Kim Su Hwan, Schramm Severin, Riedel Evamaria Olga, Schmitzer Lena, Rosenkranz Enrike, Kertels Olivia, Bodden Jannis, Paprottka Karolin, Sepp Dominik, Renz Martin, Kirschke Jan, Baum Thomas, Maegerlein Christian, Boeckh-Behrens Tobias, Zimmer Claus, Wiestler Benedikt, Hedderich Dennis M
Institute of Diagnostic and Interventional Neuroradiology, Klinikum rechts der Isar, School of Medicine and Health, Technical University of Munich, Munich, Germany.
Radiol Med. 2025 Apr;130(4):555-566. doi: 10.1007/s11547-025-01964-6. Epub 2025 Feb 12.
To determine how automation bias (inclination of humans to overly trust-automated decision-making systems) can affect radiologists when interpreting AI-detected cerebral aneurysm findings in time-of-flight magnetic resonance angiography (TOF-MRA) studies.
Nine radiologists with varying levels of experience evaluated twenty TOF-MRA examinations for the presence of cerebral aneurysms. Every case was evaluated with and without assistance by the AI software © mdbrain, with a washout period of at least four weeks in-between. Half of the cases included at least one false-positive AI finding. Aneurysm ratings, follow-up recommendations, and reading times were assessed using the Wilcoxon signed-rank test.
False-positive AI results led to significantly higher suspicion of aneurysm findings (p = 0.01). Inexperienced readers further recommended significantly more intense follow-up examinations when presented with false-positive AI findings (p = 0.005). Reading times were significantly shorter with AI assistance in inexperienced (164.1 vs 228.2 s; p < 0.001), moderately experienced (126.2 vs 156.5 s; p < 0.009), and very experienced (117.9 vs 153.5 s; p < 0.001) readers alike.

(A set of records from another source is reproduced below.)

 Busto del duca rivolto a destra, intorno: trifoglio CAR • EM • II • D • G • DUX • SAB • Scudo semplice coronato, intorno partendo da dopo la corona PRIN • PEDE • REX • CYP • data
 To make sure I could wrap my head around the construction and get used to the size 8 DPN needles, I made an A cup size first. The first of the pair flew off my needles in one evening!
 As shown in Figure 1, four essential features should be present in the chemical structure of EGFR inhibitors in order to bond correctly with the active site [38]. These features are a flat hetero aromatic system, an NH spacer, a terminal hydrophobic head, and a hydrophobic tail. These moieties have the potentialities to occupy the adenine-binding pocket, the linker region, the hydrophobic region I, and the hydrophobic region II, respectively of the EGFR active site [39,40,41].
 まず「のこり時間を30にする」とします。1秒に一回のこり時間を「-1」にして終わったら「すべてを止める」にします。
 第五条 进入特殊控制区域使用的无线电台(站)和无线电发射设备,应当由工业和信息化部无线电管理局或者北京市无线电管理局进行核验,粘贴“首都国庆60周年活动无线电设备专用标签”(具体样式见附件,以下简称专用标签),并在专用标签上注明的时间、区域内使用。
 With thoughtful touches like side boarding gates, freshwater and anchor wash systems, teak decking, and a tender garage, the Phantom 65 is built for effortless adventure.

Our results demonstrate the susceptibility of radiology readers to automation bias in detecting cerebral aneurysms in TOF-MRA studies when encountering false-positive AI findings. While AI systems for cerebral aneurysm detection can provide benefits, challenges in human-AI interaction need to be mitigated to ensure safe and effective adoption.
确定自动化偏差(人类过度信任自动化决策系统的倾向)在解读飞行时间磁共振血管造影(TOF-MRA)研究中人工智能检测到的脑动脉瘤结果时如何影响放射科医生。

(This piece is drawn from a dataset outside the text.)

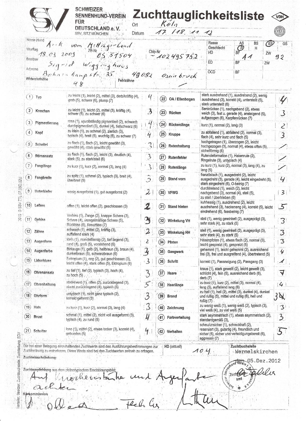 Zuchttauglichkeitsliste unten!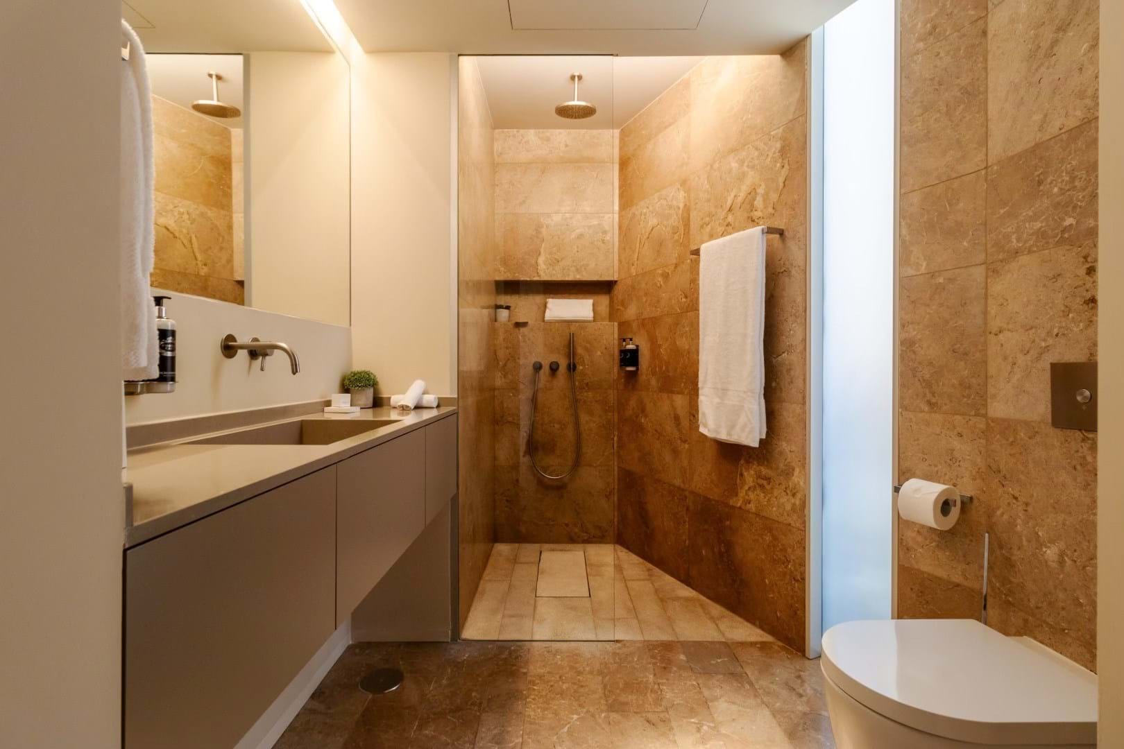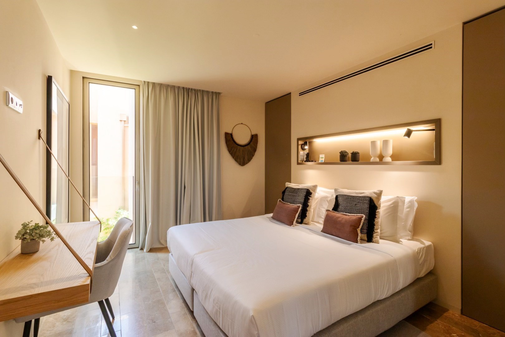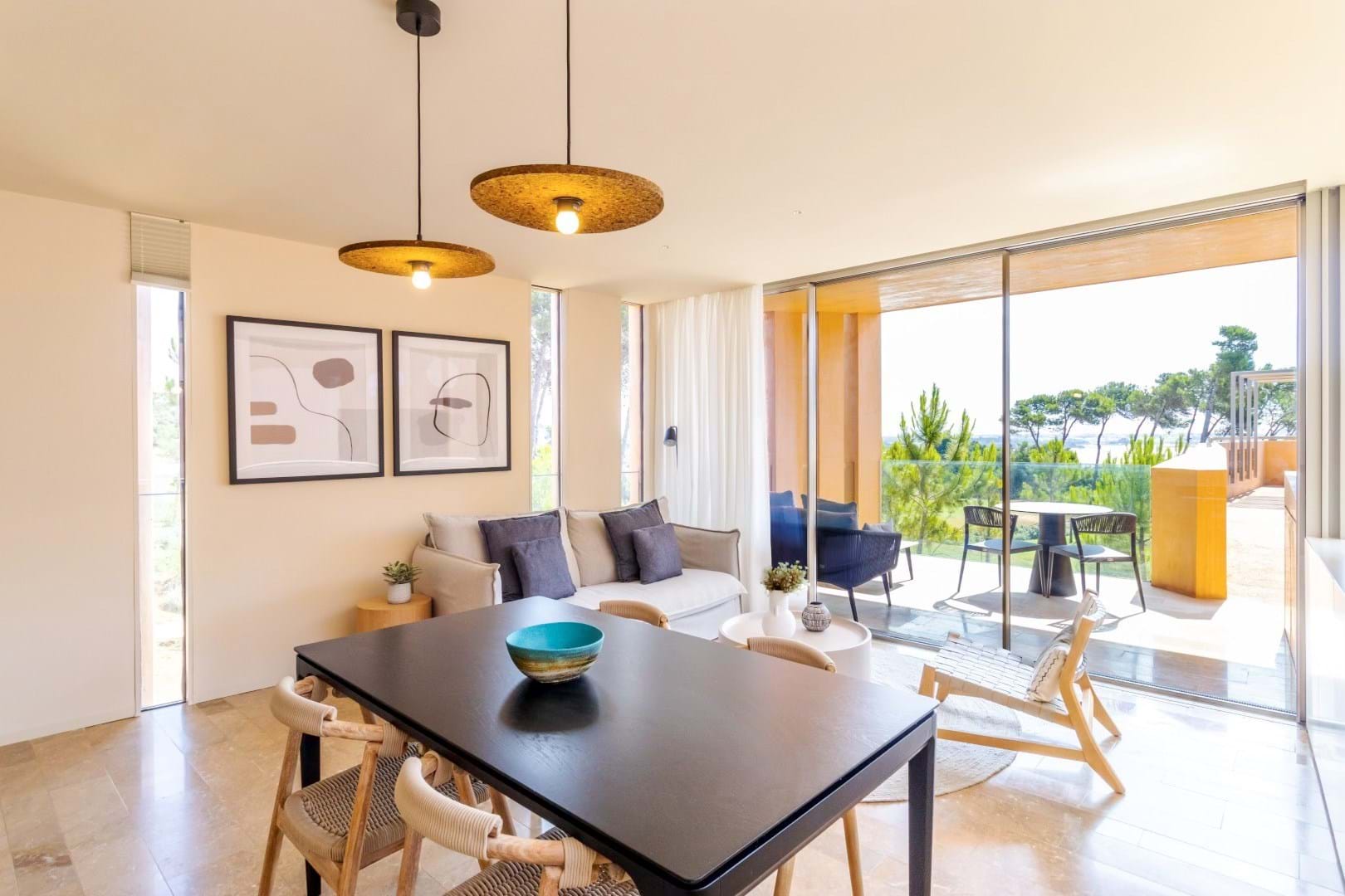 Designed with meticulous attention to detail, the apartment features high-end finishes, including elegant natural stone floors in soft shades of pink and refined décor throughout. Fully furnished, it also has built-in appliances in the kitchen, combining comfort and practicality.

九名经验水平各异的放射科医生对20例TOF-MRA检查进行脑动脉瘤检测。每例病例均在有无人工智能软件©mdbrain辅助的情况下进行评估,两次评估之间的洗脱期至少为四周。一半的病例包含至少一个假阳性人工智能检测结果。使用Wilcoxon符号秩检验评估动脉瘤分级、随访建议和阅读时间。
人工智能的假阳性结果导致对动脉瘤结果的怀疑显著增加(p = 0.01)。经验不足的阅片者在面对人工智能假阳性结果时,进一步推荐的随访检查强度明显更高(p = 0.005)。在经验不足(164.1秒对228.2秒;p < 0.001)、经验中等(126.2秒对156.5秒;p < 0.009)和经验丰富(117.9秒对153.5秒;p < 0.001)的阅片者中,有人工智能辅助时的阅读时间均显著缩短。
我们的结果表明,在TOF-MRA研究中检测脑动脉瘤时,当遇到人工智能假阳性结果时,放射科阅片者易受自动化偏差影响。虽然用于检测脑动脉瘤的人工智能系统有诸多益处,但需要缓解人机交互中的挑战,以确保安全有效地应用。